To ensure a reliable basis for determining sample compliance, the detection capability (Ccβ) for the screening step was estimated by analysing 20 fortified blank materials at concentration levels at and above the STC. Ccβ equals the concentration where only ≤ 5% false compliant results are present. Good sensitivity has been observed for most analytes with a detection capability at 1 or 10 µg/kg, which is satisfactory for detecting unintentional contamination (Figure 3).
For nine analytes, the matrix influence and suppression of ionisation of the precursor ions were more intense, and the screening level was set at 50 µg/kg.
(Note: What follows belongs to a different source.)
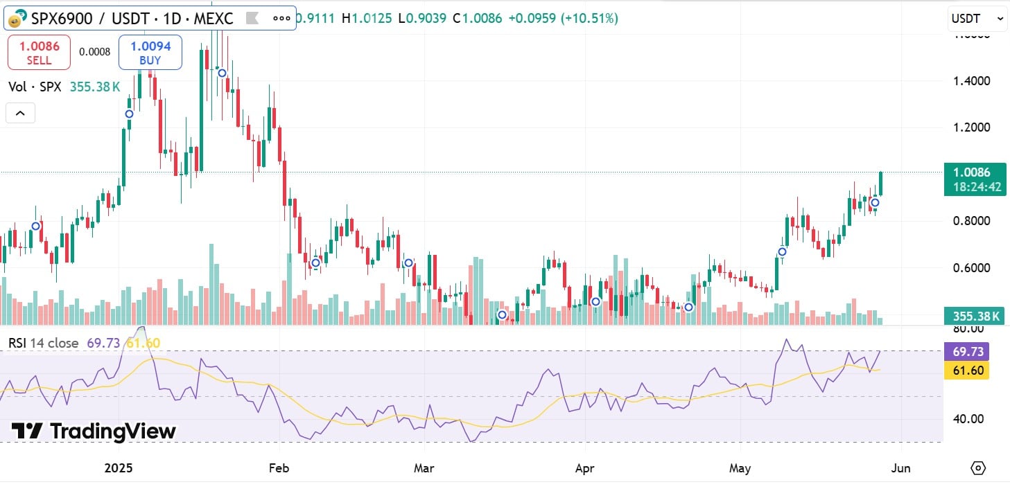 - SPX6900 surged 24% to hit $1.0179, with trading volume jumping 184.91% to $140.21 million.

Repeatability and intra-laboratory reproducibility were determined by analysing eight samples (four wheat samples and four maize samples) at five different levels and repeating the analyses under different conditions (on three different days and by three different operators). Inter-laboratory reproducibility, expressed as coefficient of variation (%), ranged from 9.2 to 49.6% and includes deviations in the variation factor of matrix type, different analysts and environment circumstances.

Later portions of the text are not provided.